(Task material)
((

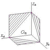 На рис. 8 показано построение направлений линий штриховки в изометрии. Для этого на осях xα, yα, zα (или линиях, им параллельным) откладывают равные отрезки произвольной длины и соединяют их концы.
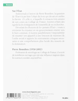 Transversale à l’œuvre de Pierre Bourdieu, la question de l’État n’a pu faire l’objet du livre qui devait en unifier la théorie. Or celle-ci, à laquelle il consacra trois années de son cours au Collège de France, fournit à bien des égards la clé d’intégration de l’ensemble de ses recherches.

))
((

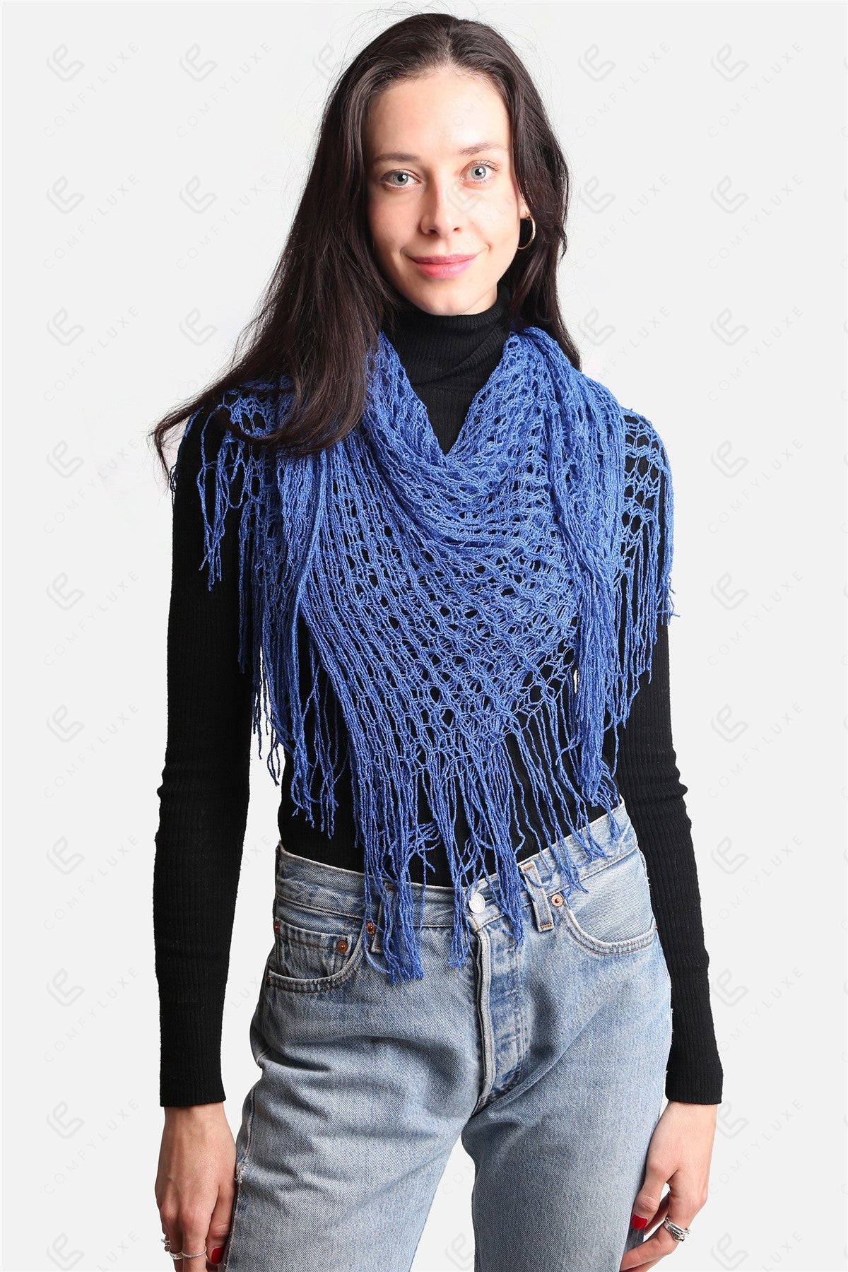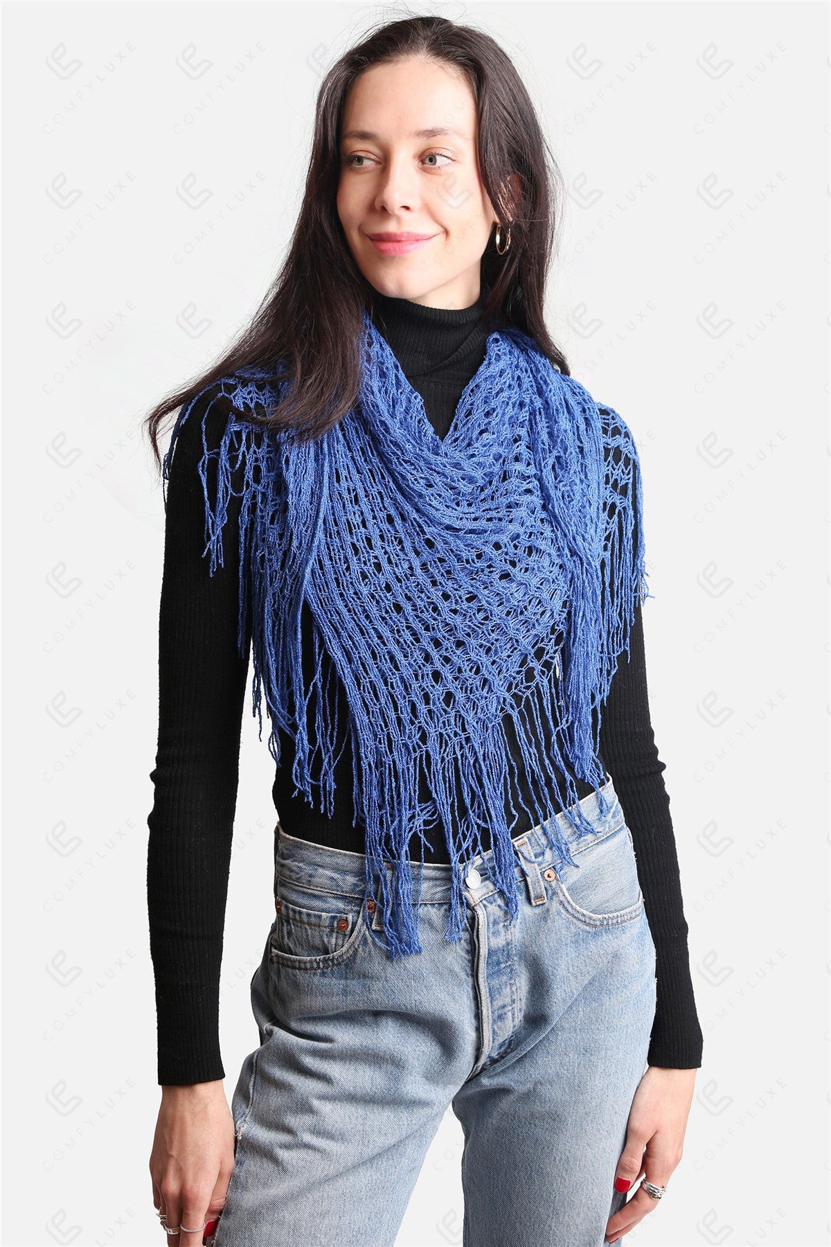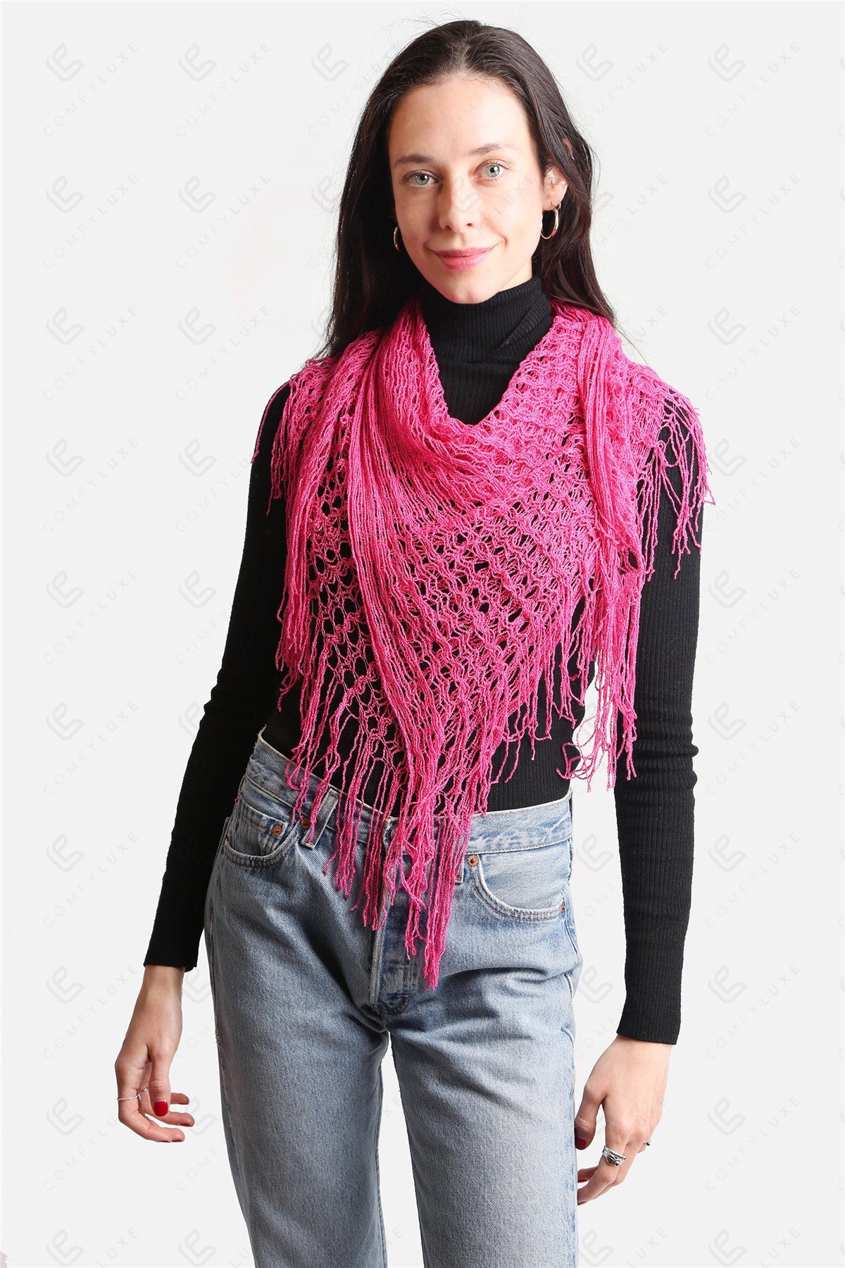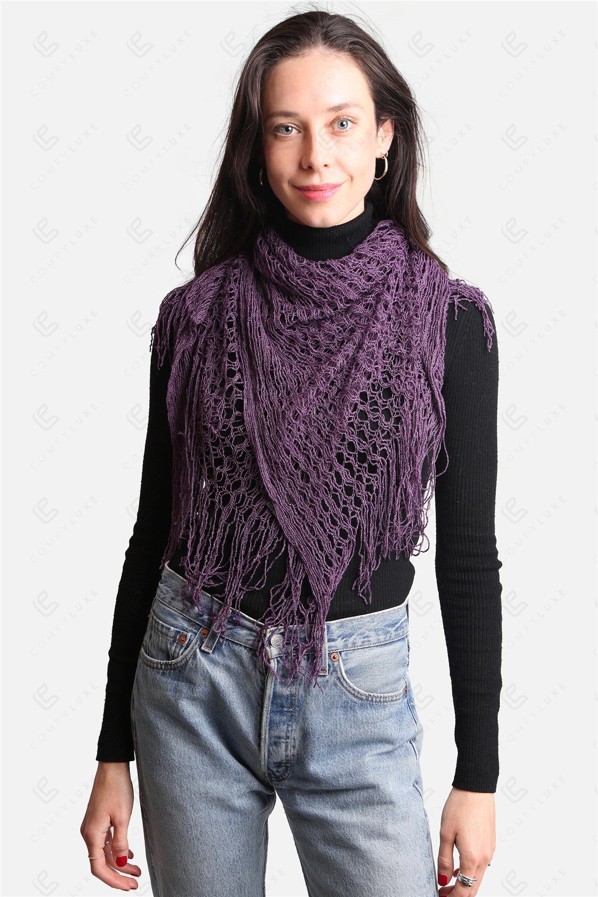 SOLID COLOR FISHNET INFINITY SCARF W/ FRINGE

))

(Your goal) Return exactly the stretch above whose first line contains "На рис. 8 показано" and whose last line contains "Transversale à l’œuvre", and nothing outside it. The pictures should not appear.

(Output for this task)
 На рис. 8 показано построение направлений линий штриховки в изометрии. Для этого на осях xα, yα, zα (или линиях, им параллельным) откладывают равные отрезки произвольной длины и соединяют их концы.
 Transversale à l’œuvre de Pierre Bourdieu, la question de l’État n’a pu faire l’objet du livre qui devait en unifier la théorie. Or celle-ci, à laquelle il consacra trois années de son cours au Collège de France, fournit à bien des égards la clé d’intégration de l’ensemble de ses recherches.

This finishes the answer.